### Exercise
Transcribe exactly, please, the line bearing "目黒川。たしかに桜が咲いたら" and all later lines through the end of the records, with the pictures left out.

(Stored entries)
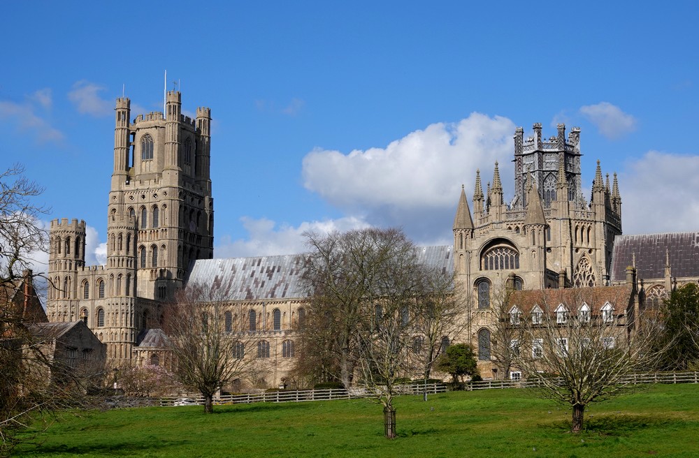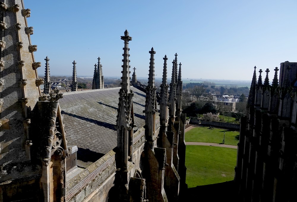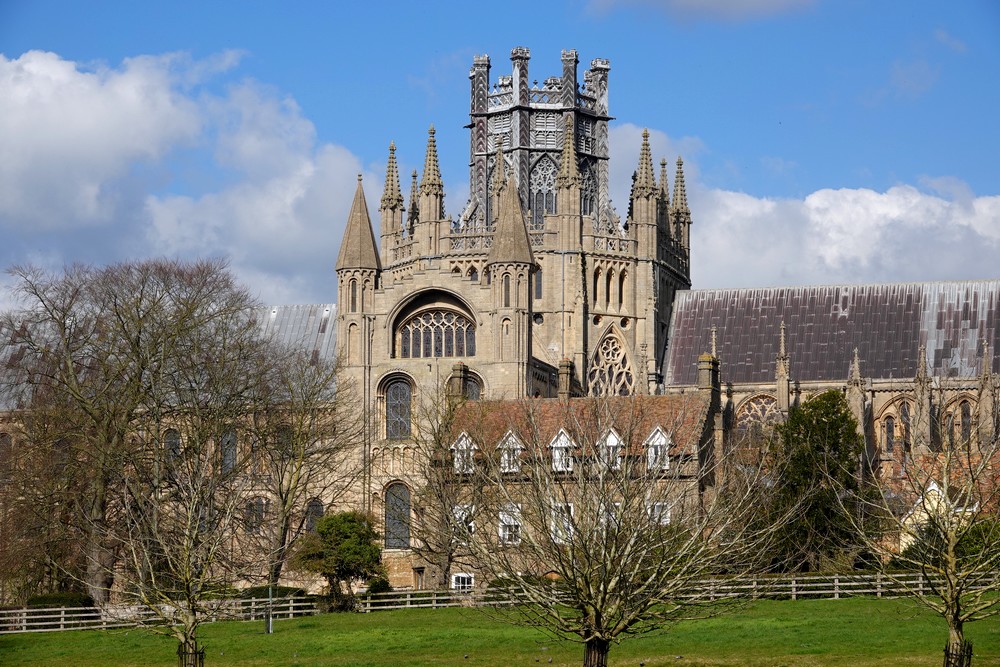 Toujours sous un ciel bleu vif, à 7h45 nous sommes sur les vélos et pédalons jusqu’à la gare de Cambridge où nous nous garons. Puis nous enchainons avec un trajet de 20mn en train, en direction d’Ely, une petite ville située à environ 25km au nord. Objectif de la matinée : la visite de la cathédrale de la Sainte-et-Indivisible-Trinité, une des plus anciennes de Grande-Bretagne !
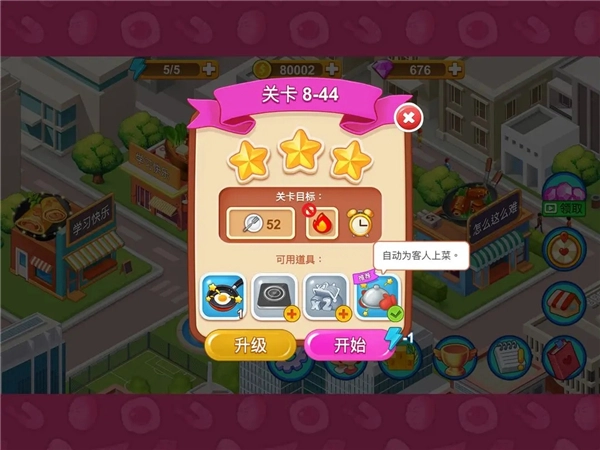 以8-44这一关卡为例,玩家可以借助“上菜小助手”来减少操作压力——当发现食材或菜品不足时能及时补充制作,而上菜的环节则完全可以交给这个助手负责。
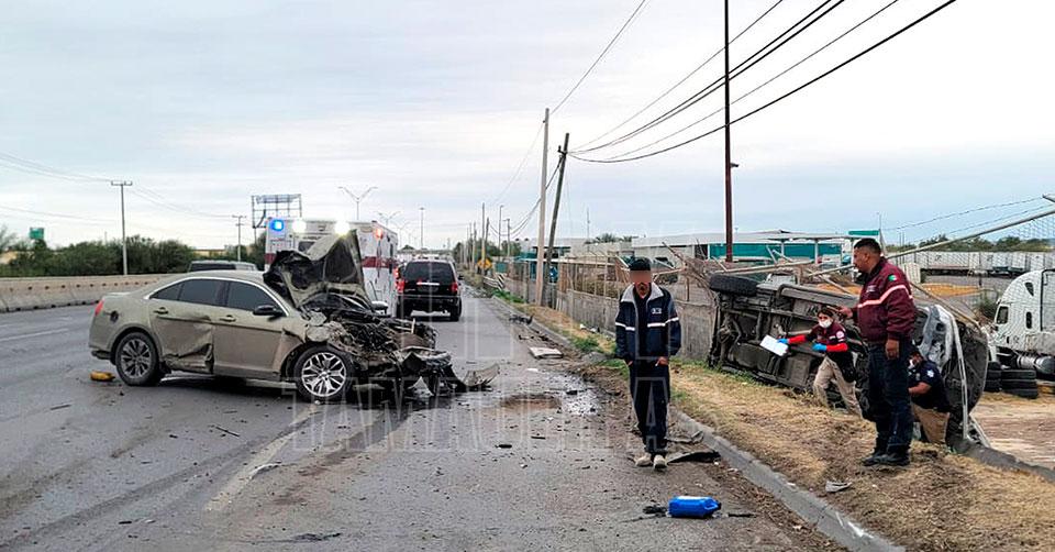Sobrevive a brutal choque con volcadura en Nuevo Laredo
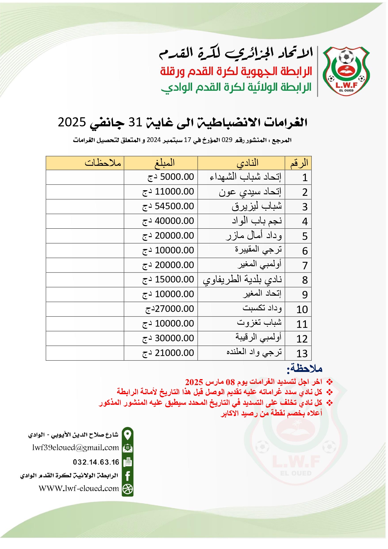 جميع الحقوق محفوظة © 2014 - 2026 الرابطة الولائية لكرة القدم - الوادي.
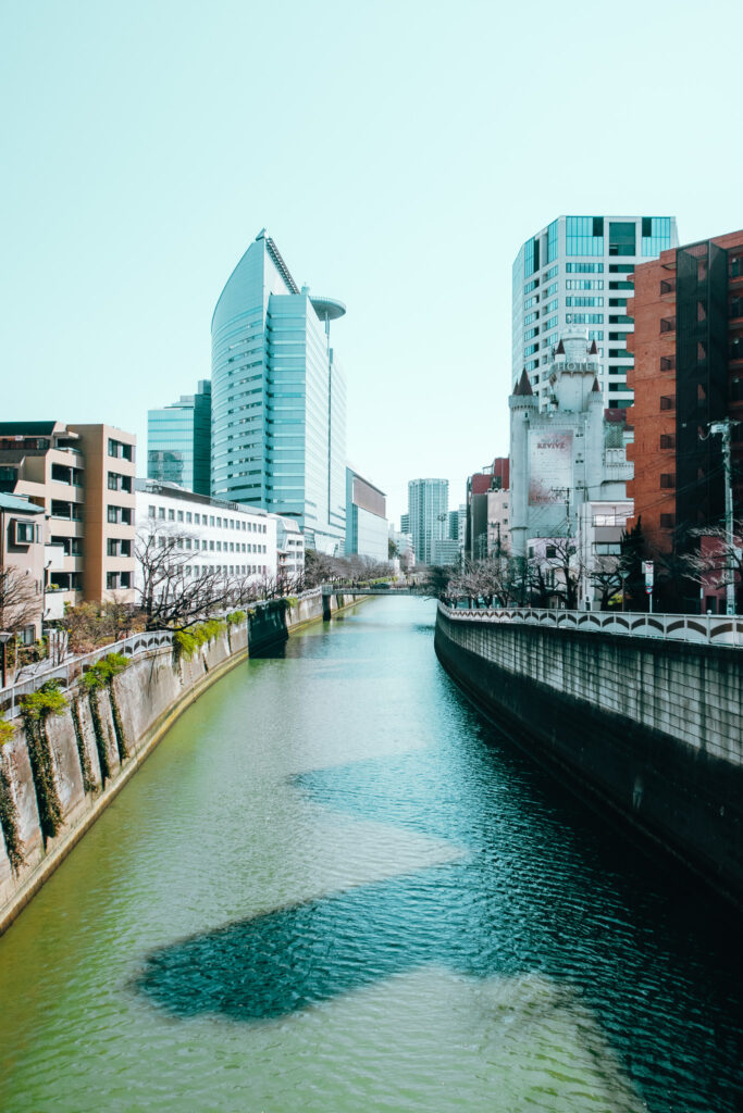 目黒川。たしかに桜が咲いたらきれいそうだが…。川それ自体は濁っている。川の色を変えているのはぼくたち人間かもしれない。でも青空がある限りごまかせてしまう。それから、目黒川沿いは、歩道が整備されているわけではなかった。だから、のんきに歩くというよりも、ランナーとかクルマとかに注意しながら歩く必要がありそう。
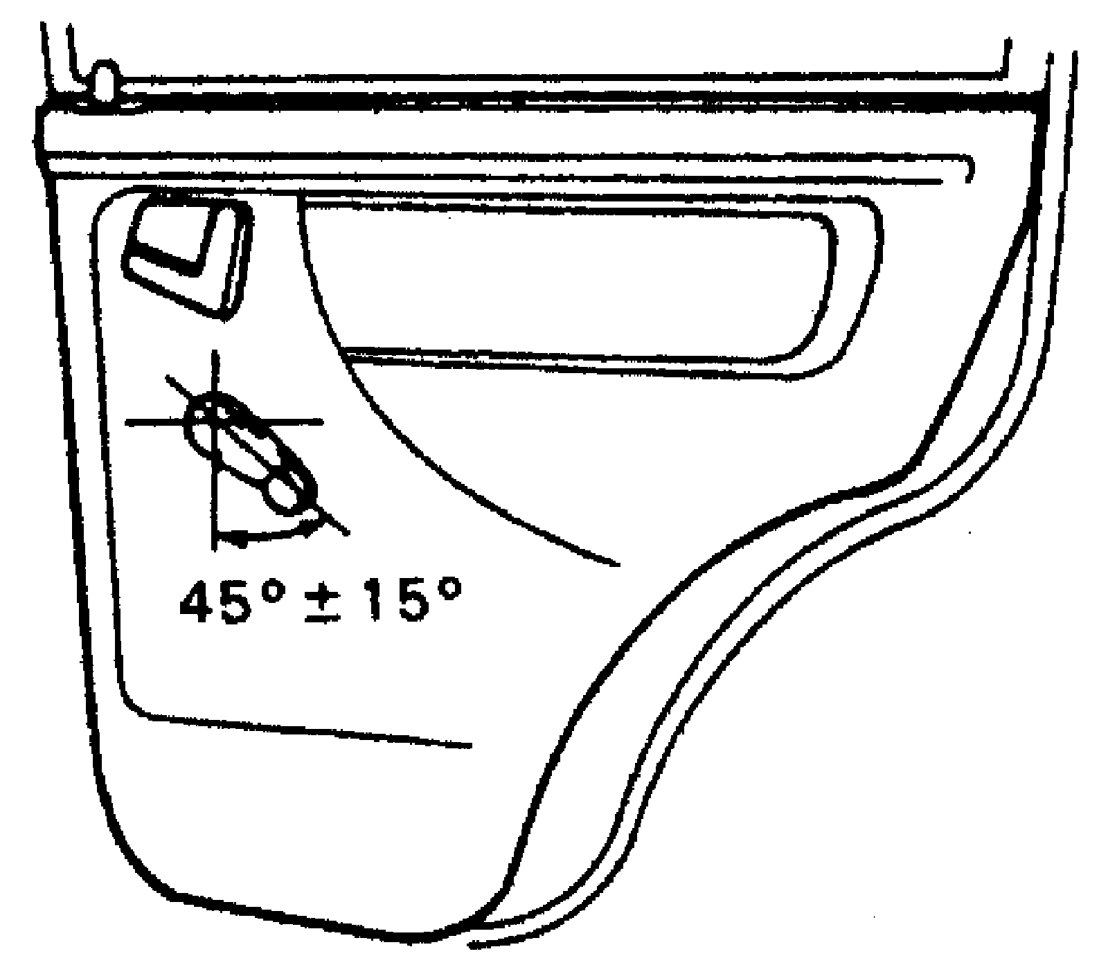 - Install door window regulator handle (if equipped) so that it has an angle as shown when glass is fully closed.

### Exercise response
 目黒川。たしかに桜が咲いたらきれいそうだが…。川それ自体は濁っている。川の色を変えているのはぼくたち人間かもしれない。でも青空がある限りごまかせてしまう。それから、目黒川沿いは、歩道が整備されているわけではなかった。だから、のんきに歩くというよりも、ランナーとかクルマとかに注意しながら歩く必要がありそう。
 - Install door window regulator handle (if equipped) so that it has an angle as shown when glass is fully closed.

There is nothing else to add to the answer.